Патриархальные представления о крамоле, во многом определявшие отношение властей и их бюрократических аппаратов к инакомыслию, вполне сочетались с политической прагматикой режима, ибо опасны для него были не только, а иногда даже и не столько те или иные альтернативные мысли сами по себе, сколько потенциальная опасность свободного высказывания любых мыслей, пусть даже и вполне марксистских. Для коммунистических властей фактически не существовало идеологических вариаций и оттенков, так же как и их мотивированного приятия или отвержения, «дружественных» и «недружественных» идеологических конструкций.

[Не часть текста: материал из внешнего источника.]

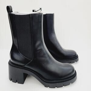 Zara Black Faux Leather Chelsea Boots Chunky Platform Ankle Boot Round Toe Sz 9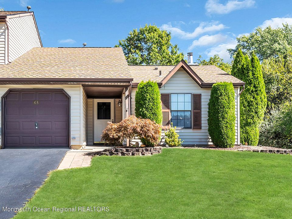 Welcome to Moors Landing. This 2 bedroom, 2 full bath end unit ranch is ready for its next owners to put their stamp on it. The eat-in kitchen has an attached laundry room with full-sized washer and dryer on one side and a pass through to the dining room on the other. A spacious living room with a wood-burning fireplace and sliders to a private fenced backyard. Open the back gate to access the tree-lined common area. Garage has a partial conversion to a den/bonus room. There is storage in the garage and in the attic above the garage, which has pull down stairs. This is an AS-IS sale. NO DOGS per the HOA. Home is located near the Route 9 corridor for public transportation. Grass has been digitally enhanced in the photos. Highest & Best due, Monday 10/3/22 by 5PM. Offer acceoted.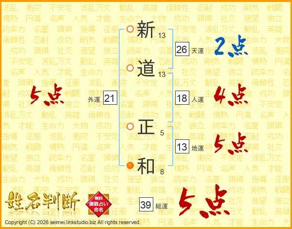 あなたの人生を表す1番重要な運勢です。生涯を通じて影響する総合運となり、主に50歳以降の晩年期に影響を及ぼします。苗字と名前の合計画数。

Чтобы убедиться в том, что «допущение» «уклонов» само по себе, неважно каких, было чревато гибелью режима, достаточно вспомнить о крахе коммунизма в СССР. Политически и идеологически коммунизм рухнул не потому, что его разрушила либеральная антикоммунистическая критика, а потому, что он допустил критику как таковую, открылся для ударов как либералов, так и социалистов, как монархистов, так и эгалитаристов, то есть совершенно противоположных идеологических течений, ни на минуту не перестававших враждовать друг с другом, но приложивших все силы для того, чтобы сделать свое взаимное отрицание легальным, то есть уничтожить «коммунизм» как особый тип бюрократически организованной «партии-государства».

Стоит ли удивляться, что люди, взгляды и действия которых привели их в послесталинские, казалось бы, более либеральные времена к аресту и на скамью подсудимых, занимали порой диаметрально противоположные политические и идеологические позиции. Объединяли же этих людей, повторю это еще раз, даже не критика и противостояние власти сами по себе, не антикоммунизм, а отношение режима к крамоле. Это вполне религиозное отношение к инакомыслию как к ереси допускало на каждый данный момент одну-единственную интерпретацию Истины, списки утвержденных Политбюро героев и врагов, перечни «плохих» и «хороших» исторических событий и даже научных открытий.

Поэтому и оказались на полках Государственного архива Российской Федерации (в фондах Верховного суда и Прокуратуры СССР) дела об античеченских высказываниях русских из города Грозного и об антирусских выступлениях чеченцев, о судебных приговорах за «проявления» антисемитизма и за «сионистскую пропаганду», за коммунистическую («ревизионистскую») и фашистскую критику правящего режима, за либеральные атаки на коммунистов и маоистские, троцкистские или сталинистские обвинения власти в «буржуазном перерождении». На основании одних и тех же статей Уголовного кодекса были осуждены и оказались в тюрьмах и лагерях ярые защитники «подлинного ленинизма» и поклонники монархии, сторонники идей «капиталистического возрождения» и отрицатели коммунистической диктатуры за порожденный ею «дачный капитализм» и бюрократические привилегии.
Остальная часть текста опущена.